[Saved data entries]
--- START ---

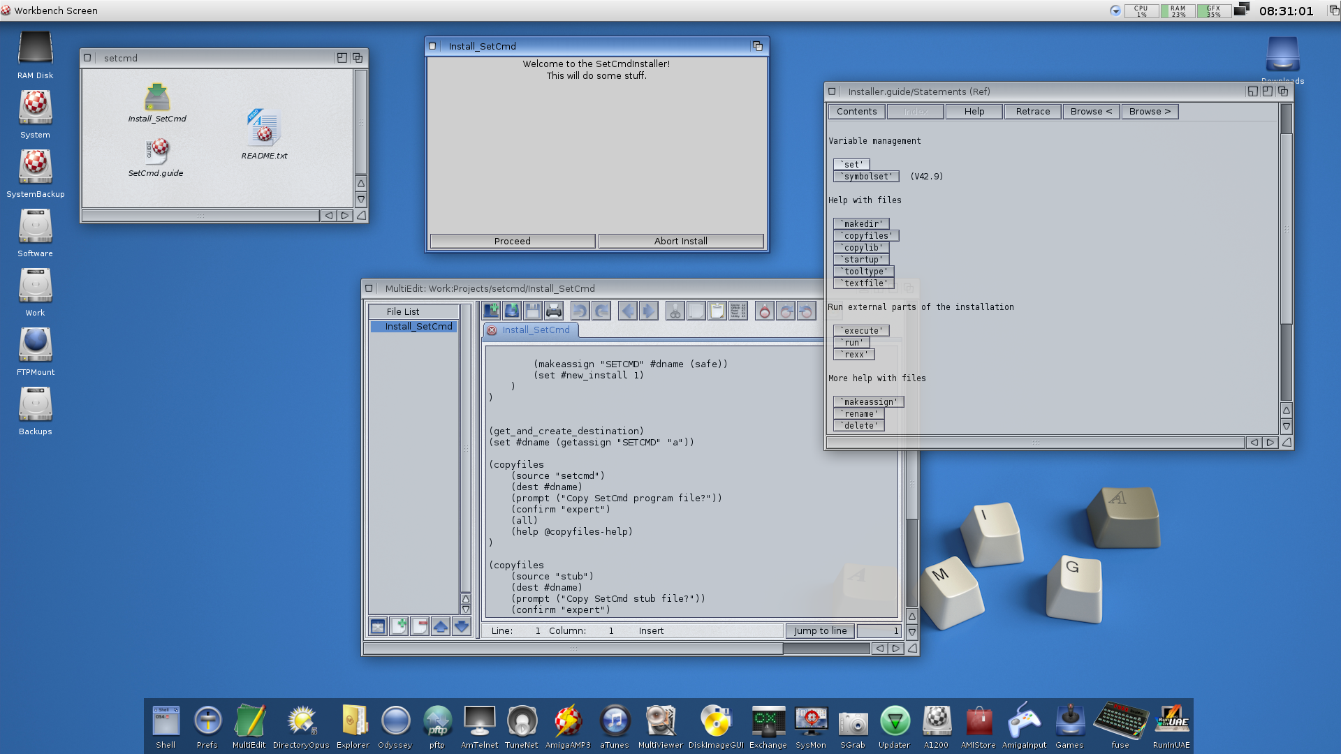 I initially found it very difficult to find any definitive guide for this language as nothing was showing up on web searches. After struggling through with trial and error and only example scripts to help, I remembered that this is Amiga-land so there’s probably documentation in a native format. And sure enough, searching Aminet brought me to the Installer dev package. It dates from around 1996 which is shortly before I first left the Amiga scene but still seems to be a relevant source of information. The supplied Installer.guide is a great resource, and you can see it open below along with my Installer work in progress:
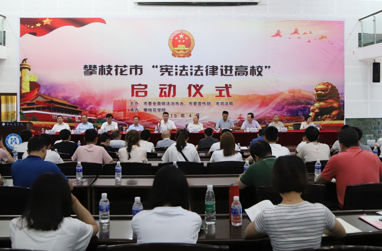 4月24日下午,攀枝花市“宪法法律进高校”启动仪式在威尼斯官网学术报告厅顺利举行。市委副书记虞平、威尼斯官网党委书记肖立军、党委副书记胥刚出席仪式,市委常委、宣传部部长江海,市人大常委会副主任陈可红、市政府副市长、公安局局长敬登峰、市检察院代理检察长刘勃、四川机电职业技术学院副院长袁雪良出席仪式。市委宣传部、市司法局、市教体局相关负责人,以及威尼斯官网和四川机电职业技术学院师生代表近200人参加仪式。
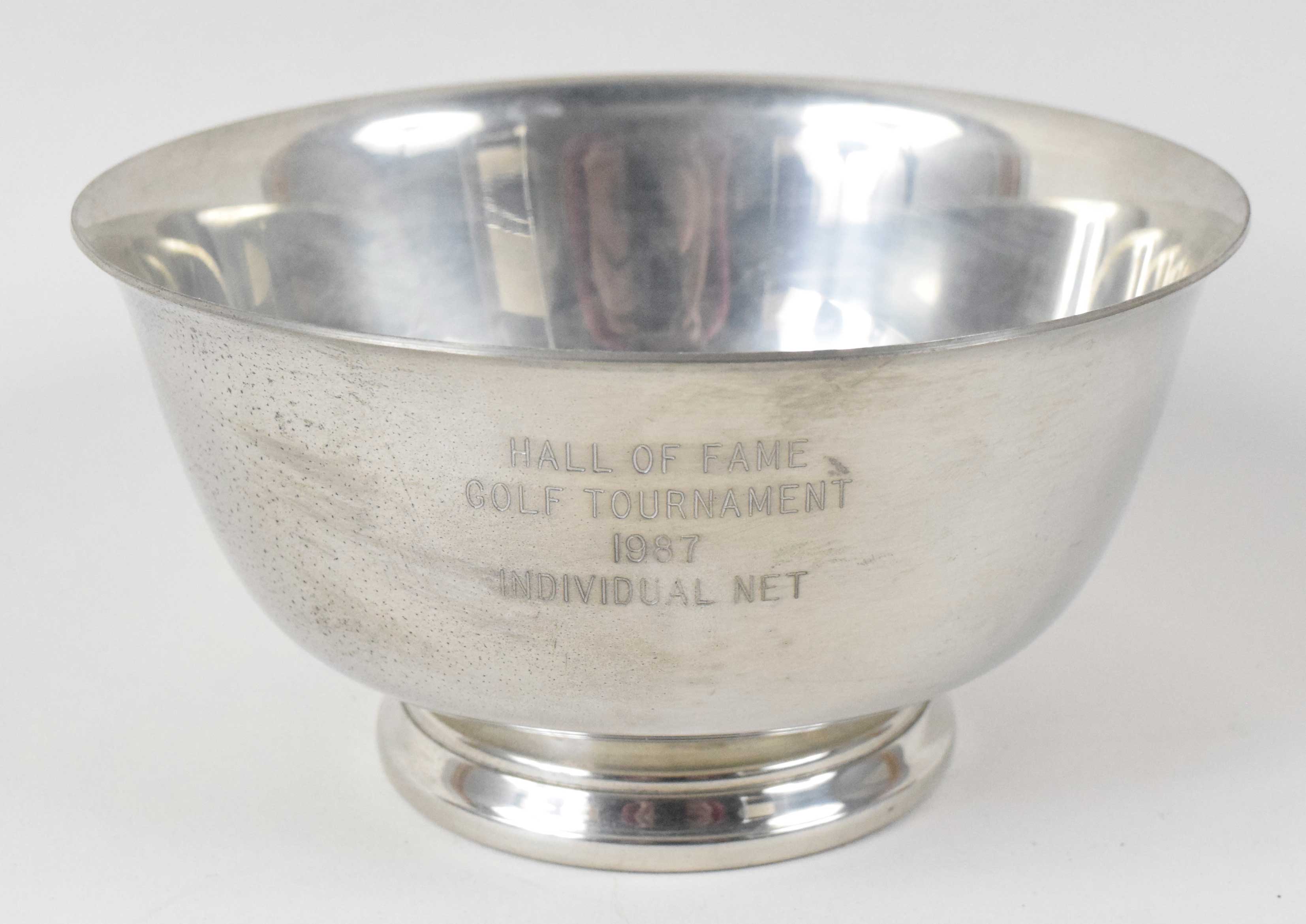 Description:1987 Willie Mays Hall of Fame Golf award. Silverplated pewter blow as won by Mays during the 1987 Hall of Fame golf tournament. Award titling engraved on front and marked with Balfour hallmark under the bowl. 6" diameter. Includes certificate of provenance from the Willie Mays Collection: EX
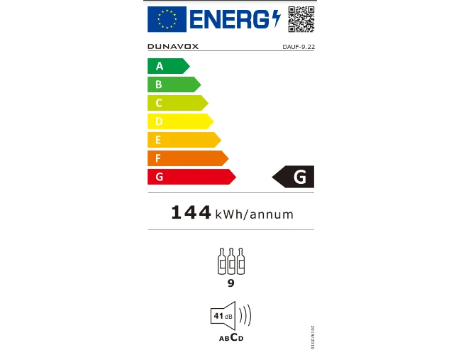 The DAUF-9.22B has a very good energy efficiency rating of G consuming 144kWh / annum. The wine cabinet is also quiet with a noise level output of 41dB, which is very unintrusive. The Dunavox wine coolers use fan assisted cooling which ensures very consistent temperature levels throughout the unit.
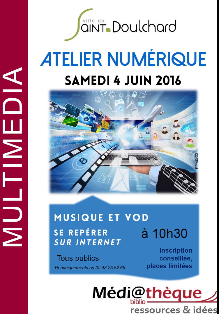 Atelier numérique à la médiathèque de Saint-Doulchard30 mai 2016 dans Lire, voir, écouter, rencontrer étiqueté Atelier numérique par BM ST DOULCHARD Venez nombreux à notre atelier numérique, le samedi 4 juin à 10h30 Le thème développé sera : comment trouver de la musique ou de la VOD sur Internet ? Tous publics L’inscription est conseillée, les places sont limitées. Share this… Facebook Twitter Linkedin Pinterest Copy
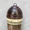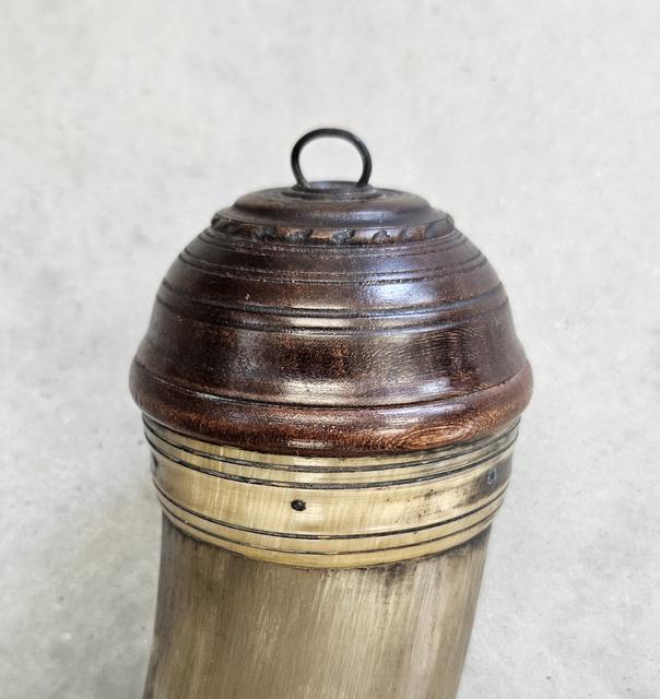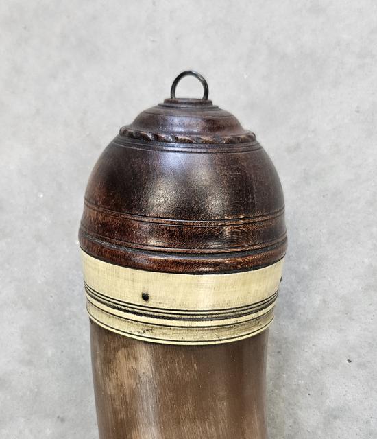 Late Philadelphia Screw-tip Horn w/Dark Red Painted Butt: The Late Philadelphia horn is always a slim and graceful style. These circa 1790 to 1810 horns are always a fine and sophisticated appearing item. This horn has an internal screw tip with applied collar to reinforce the spout of the horn and provide a strap retention bulge on the spout end. The cherry wood stopper in the spout is taken from an original stoper found in one of these Late Philadelphia horns. The turned maple wood butt is painted dark red and has a cherry wood button that is friction fit to the tapered hole in the butt. This button is dark red also. The authentic design of this horn is taken from horns in Chapter 2 of my book "PA Horns of The Trade".
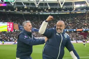 下半場補(bǔ)時(shí)第5分鐘,紹切克補(bǔ)射破門幫助西漢姆鎖定勝局,主帥努諾在場邊與教練組激動相擁。
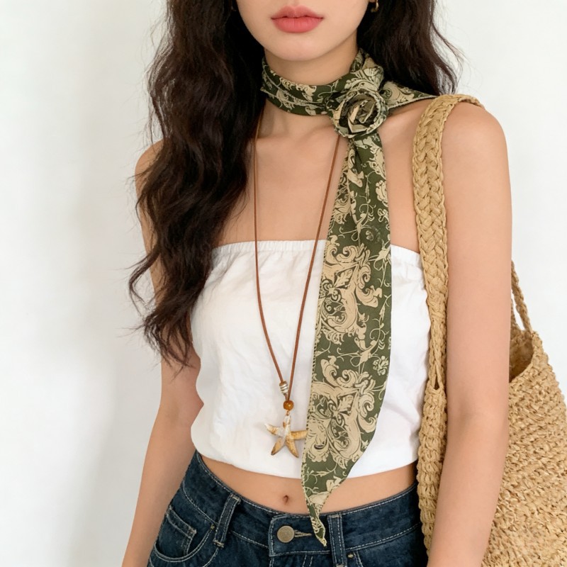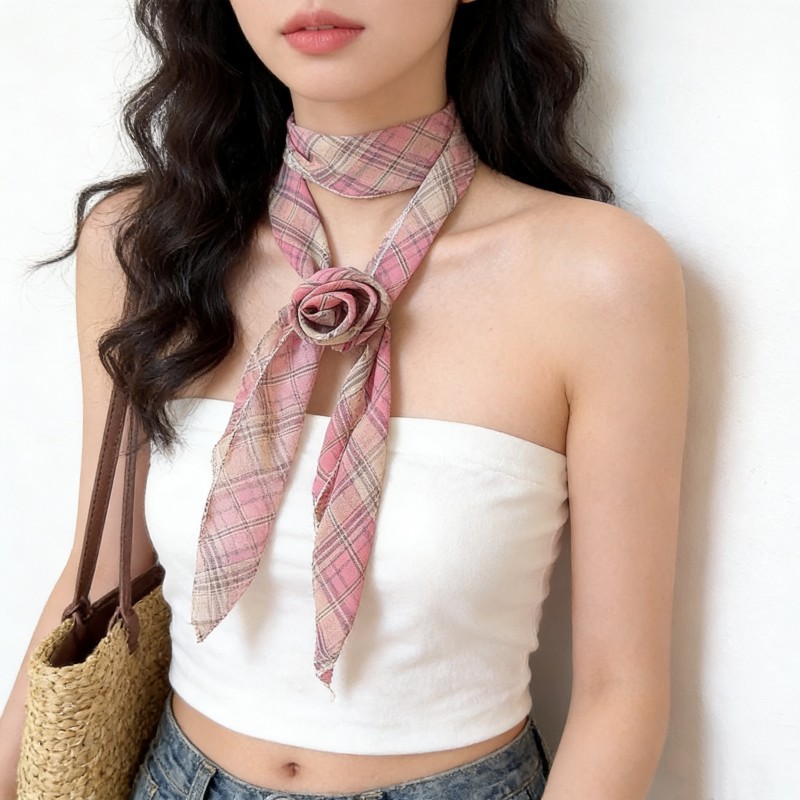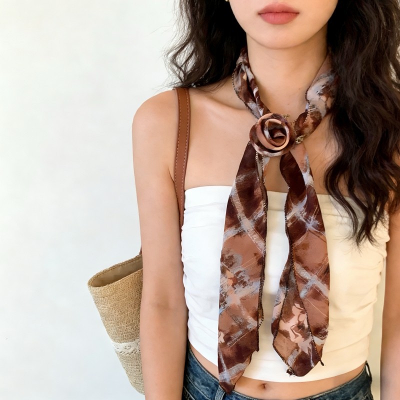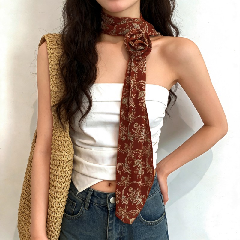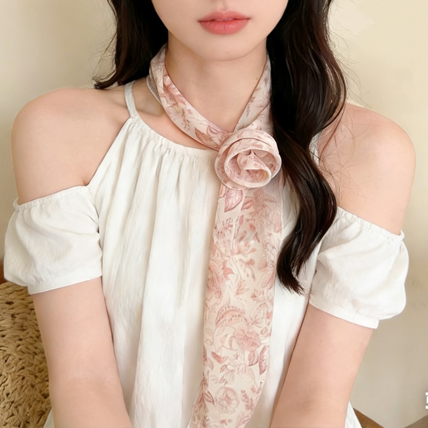 2025 새로운 순수한 욕망 스타일 분리형 장미 꽃 머리핀 실크 스카프 벨트 헤어 밴드 한국 스타일 분위기 스카프스토어 가기

--- END ---

■ Exercise goal ■
What is needed is an exact repetition of every line from the line with "下半場補(bǔ)時(shí)" to the end of the data above, both ends included, with no pictures.

■ Result ■
 下半場補(bǔ)時(shí)第5分鐘,紹切克補(bǔ)射破門幫助西漢姆鎖定勝局,主帥努諾在場邊與教練組激動相擁。
 2025 새로운 순수한 욕망 스타일 분리형 장미 꽃 머리핀 실크 스카프 벨트 헤어 밴드 한국 스타일 분위기 스카프스토어 가기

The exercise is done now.